Why do we have emotional lives, take sorrow over events long past, as in blank attempt to find the obscure roots of values, to find in the same place the cause of our mistakes and also the forgiveness of them? Why is writing a lot to go through on a given day? Why do some people turn into J.D. Salinger, or embrace, like Peter Matthiessen the practice of Zen Buddhism? Why do we act at times against our own self-interest, to make at cost a kind of moral point obscure to even ourselves, such that we are compelled to ruminate and write about such things?
And yet, as the article and its underlying research studies point out, clearly writing works. Reading the Gospels, reading Shakespeare, reading a poem, clearly works, even when it's not our own writing.

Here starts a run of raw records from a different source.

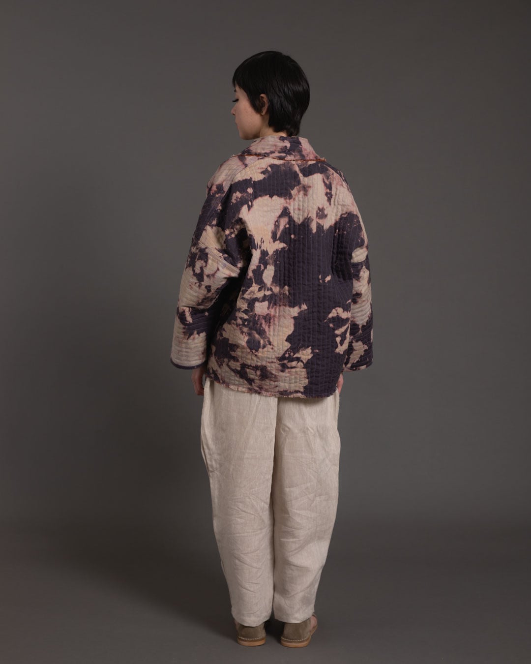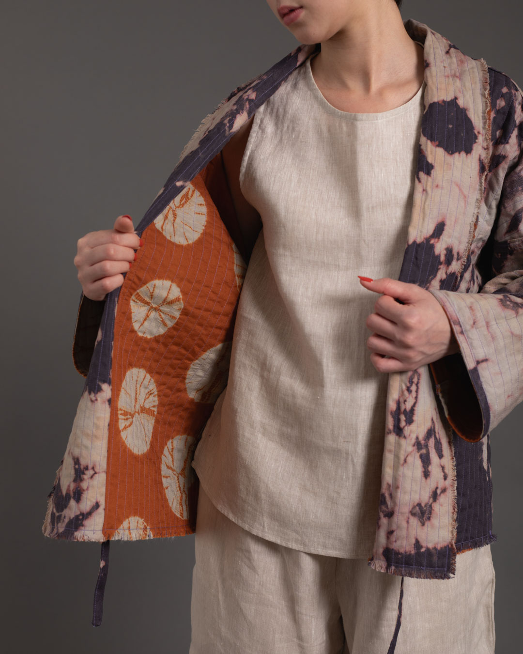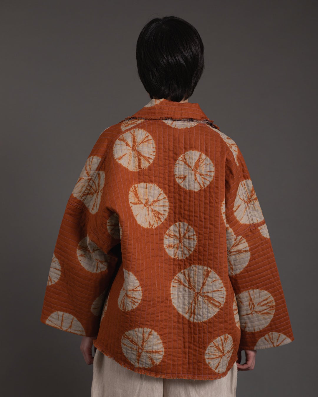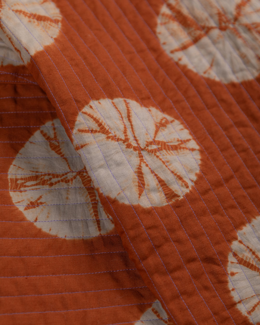 Shibori patterns are distinguished by soft, blurred edges, nuanced details, and subtle shade gradations. The uniqueness of these pieces lies in their countless minute variations. While the designs may initially appear structured, a closer look reveals the presence of human touch in every detail.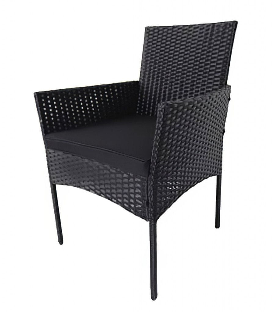 Vrtni komplet 1 dvoseda, 2 fotelja in 1 mize iz umetnega ratana. Zahvaljujoč izbiri materiala so fotelji enostavni za pranje in vzdrževanje sploh ni zahtevno. Dobavljamo črne sedeže, višine 5 cm. Konstrukcija je kovinska, prevlečena z visokokakovostno plastiko, ki spominja na ratan. Dimenzije dvoseda so (Š x V x G cm) – 100 × 84 × 57 cm, dimenzije fotelja pa so (Š x V x G cm) – 57 × 84 × 57 cm. Višina sedeža s sedalom je približno 46 cm. Klubska mizica s črnim kaljenim steklom z dimenzijami (Š x V x G cm) 60 × 35 × 40 cm je del kompleta. Barva – črna. Dobavljamo razstavljeno.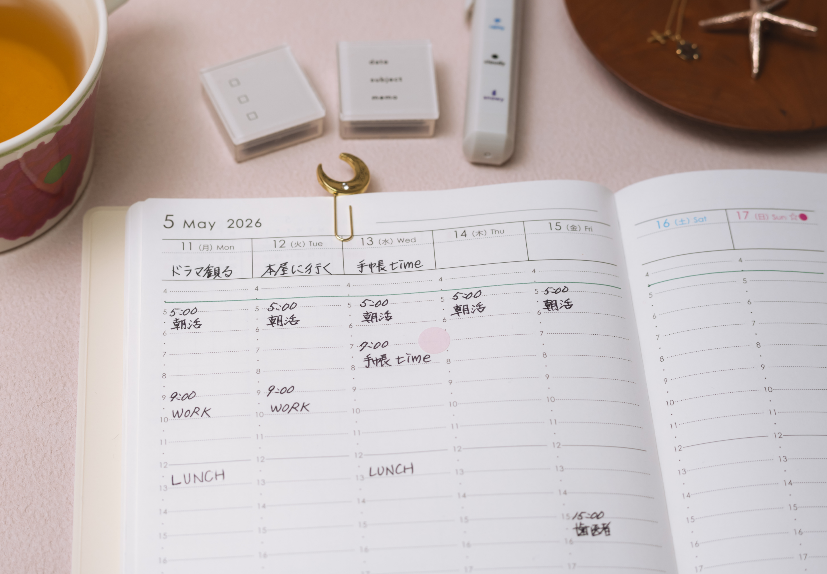 毎朝、「本当は何時に起きたい?」と自分に問いかけて、その時間をまず書いてみましょう。習慣にしたいことも、書くことで意識が変わります。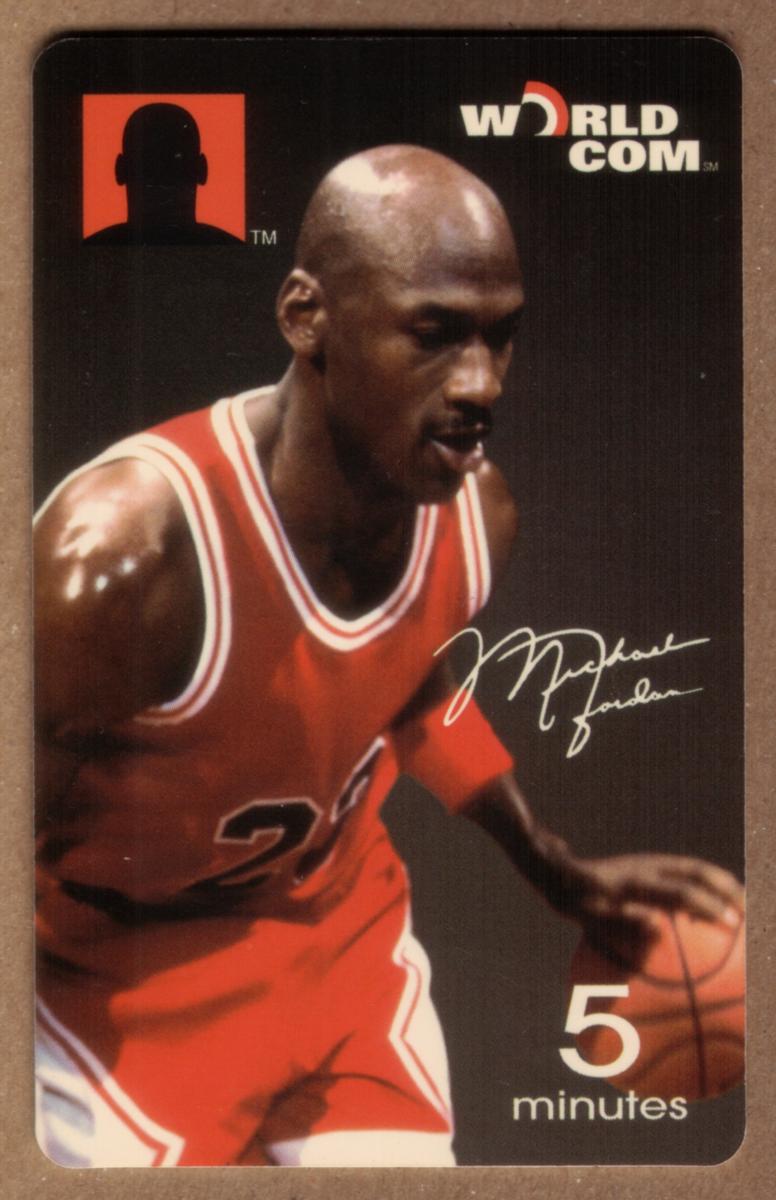 This promotional phone card is associated with NBA basketball and highlights Michael Jordan as a famous basketball player and celebrity. The overall design emphasizes Jordan moving forward aggressively with the basketball, symbolizing his skill and determination on the court.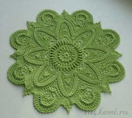 Описание вязаной салфетки зеленого цвета с лепестками.
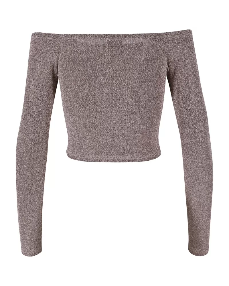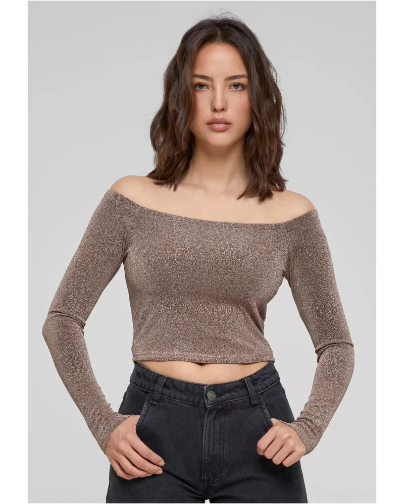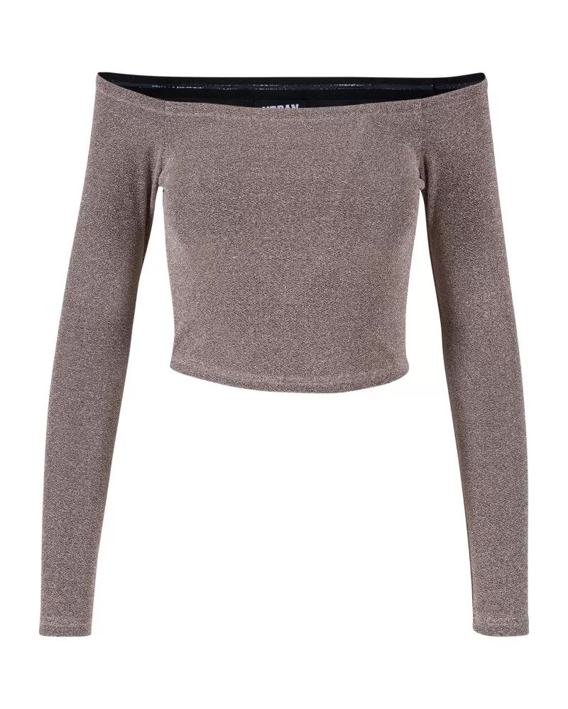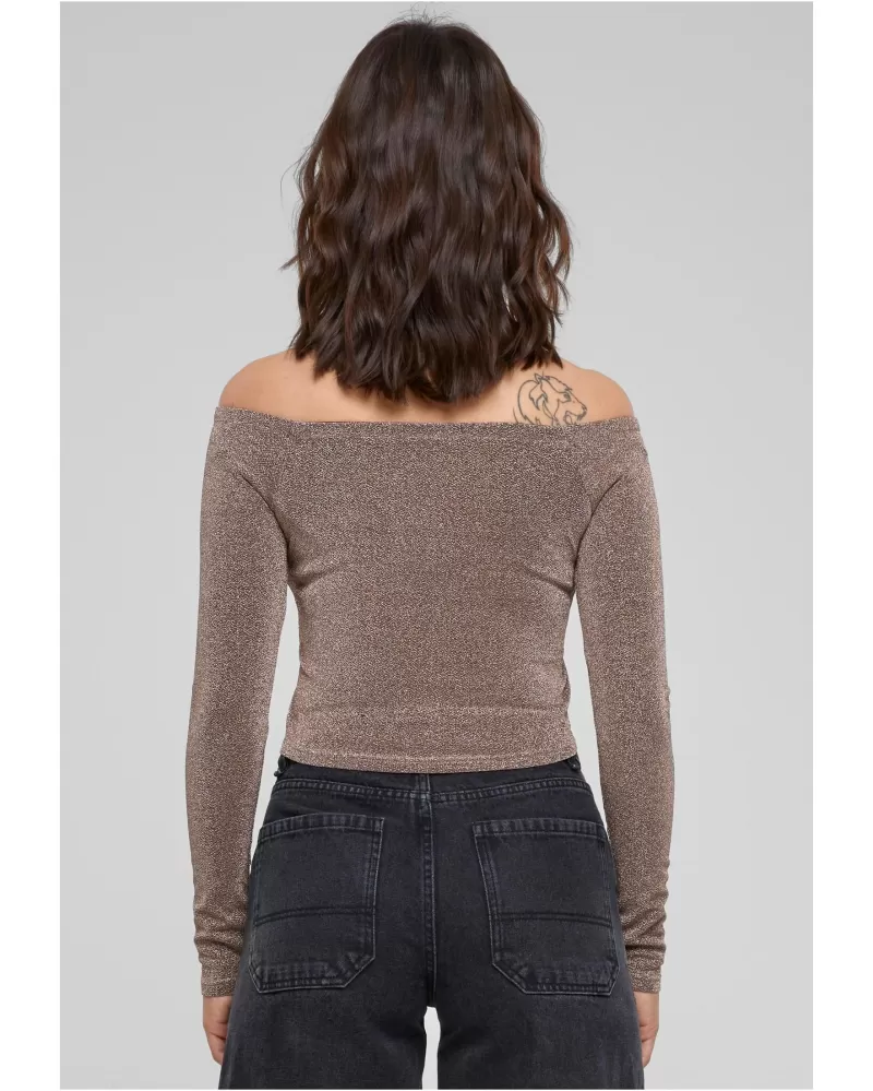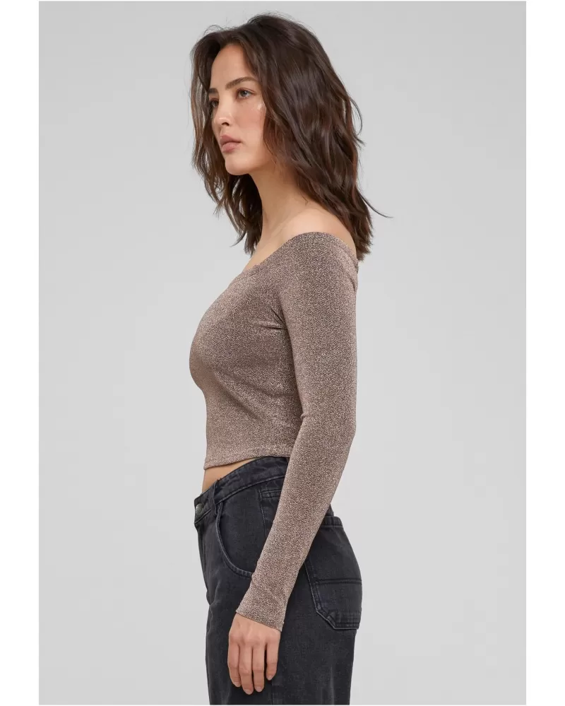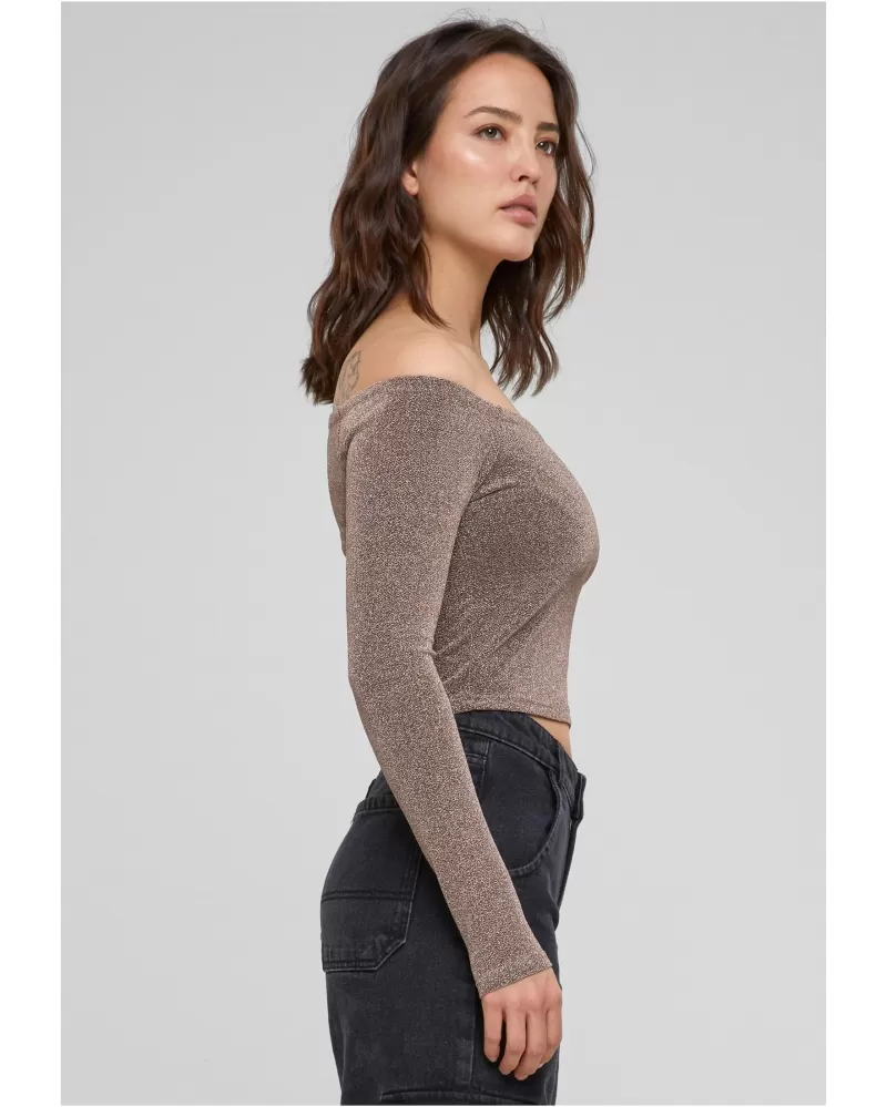 Dámský top okouzlí designem bez ramínek a třpytivým efektem, který je prodchnut jeho látkou. Integrovaná silikonová stuha zajišťuje bezpečné uchycení v oblasti ramen. Top má také dlouhé rukávy a sahá do pasu. Je přiléhavého střihu.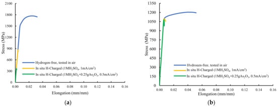 Figure 4 shows the stress–strain plots recorded with these grades. The sample quenched and tempered for only three minutes at 600 °C, with a hardness of 484 HV, was fully embrittled in both hydrogen environments, with failure taking place in the elastic region, well below the yield strength obtained in the hydrogen-free test (Figure 4a). The corresponding ultimate tensile strength suffered huge reductions: 51% without and 79% with the arsenic oxide in the electrolyte. Maximum embrittlement indexes of 100% related to the reduction in area were obtained.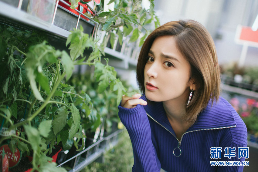 娜扎曝文艺气质写真 变身花房姑娘挑盆栽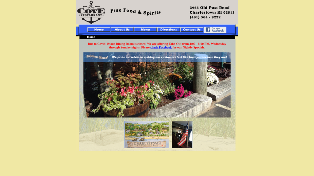 Located on the main strip in Charlestown, The Cove has been serving its loyal clientele since October 4th, 2000. Our family-run establishment has become a staple in the tiny Southern Rhode Island town by the sea. Whether you are in search of a good home-cooked meal or some great conversation, our restaurant has been proud of remembering our customers and making everyone feel welcome since the day we opened the doors.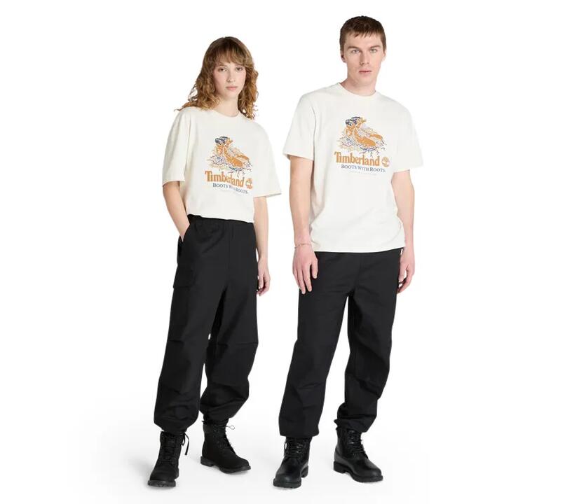 This authentic fit T-Shirt has a graphic of a Timberland boot on front, and it’s made with 100% organically grown cotton.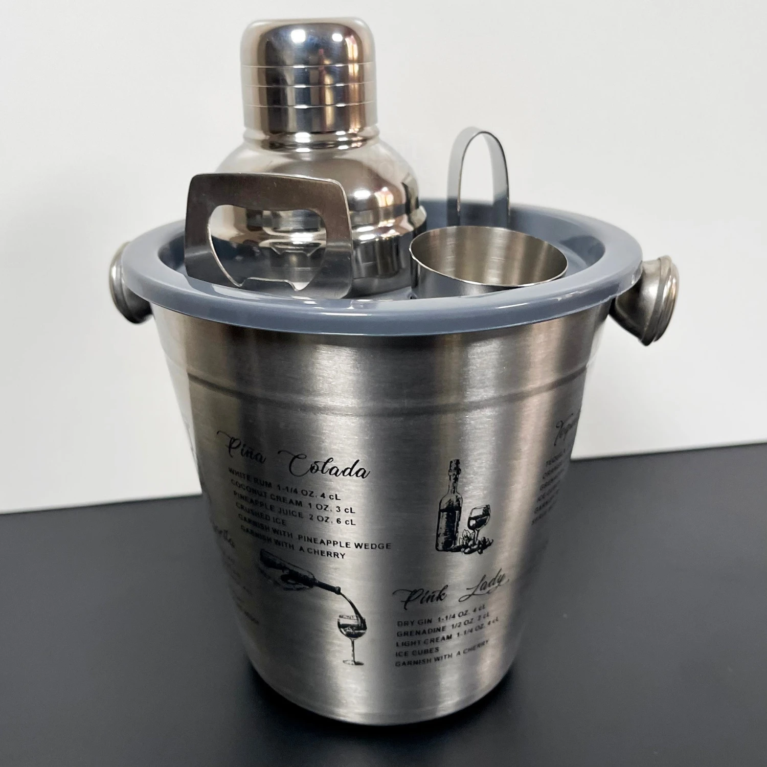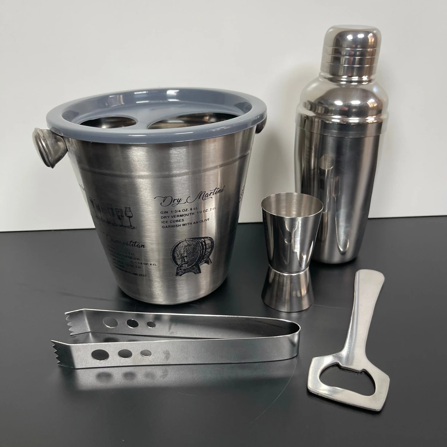 This 5 piece cocktail making set gives you everything you need to create your favourite drinks – even the recipes on the side of the bucket! This is a stylish and durable set made from stainless steel with a plastic lid that packs everything together nicely to put back in the cupboard.

Then oddly, or not, does a person become, more fully, the writer of the words, as if it were the primary place, the most important way to be truthful, to interact, with and upon that surface or watery depth that is somehow apart of the things we do which are construed as daily action, the so-called "choices we make," thus calling for a reassessment, for a better understanding.
And so you write your daily piece, allowing it to mean whatever it might mean. Then you go for a walk, do some laundry, hopeful of something, remaining positive about the experiment of life. Is it a good day, or a bad day, when you write? Does writing change anything? Does it help you understand the things you truly value, the things you're doing wrong? Does the writing come out, as it so often seems to, initially as crap, stuff your nervous about, and yet when you read it later there's a mind at work, and it's okay to say what you believe in, or say what's troubling you, or what the issue might be.
Still feeling tired from the week, I step out on the back porch as the light fades west and up into the clouds. To feel less overwhelmed by the vastness of things of the world I see a distant airplane with its vapor trail looking as it moves easterly forward like a waterskier. There are crows high in the elm trees' crowns, adjusting themselves, one moving, then another, as if like checkers or chess. It is from the deeper obscure mind, the subtle mind, where the initially off-hand but then meaningful utterances of Jesus come from. The sparrows. In some versions, the ravens. Neither do they reap, nor do they sow. The saying seems to me to speak of some calmness, some peace of mind, a creative artistic statement in its own right, as if to make the completion of arriving at that point of deeper mind where our values truly lie. Yes, I am in touch with my values, the crows seem to be saying in unison in the golden tree tops.
Does the great calm of Jesus of the Gospels reflect an act of reaching through a troubled outer surface to find, after grappling, the center at peace? Is he suggesting that there is necessarily the troubling outer surface that is the plain we live out life, that what you have to deal and cope with is within?
It is no joy to write, anymore than it was for Hamlet to soliloquize. But the benefits are reaped, after the work is done.
A dream: my therapist's office has relocated into a downtown office building. photo id required. a government agency, like homeland security. I walk past an urban scene more urban than DC actually is. I pass a garage, part of a movie studio, where period motorcars idle, waiting for their scenes, Cadillacs from the early '70s, staff cars. one has to behave in the building where her new office is. everything gets reported. she is still unpacking, setting up her office. i go to the cafeteria food court area to wait. someone else gets me into trouble. I am detained. they know who I am. a different type, individual. they know I sing Pogues songs late at night out in the street. They want to train me as a killer. But I am in therapy, I say. We are too, the guy smiles.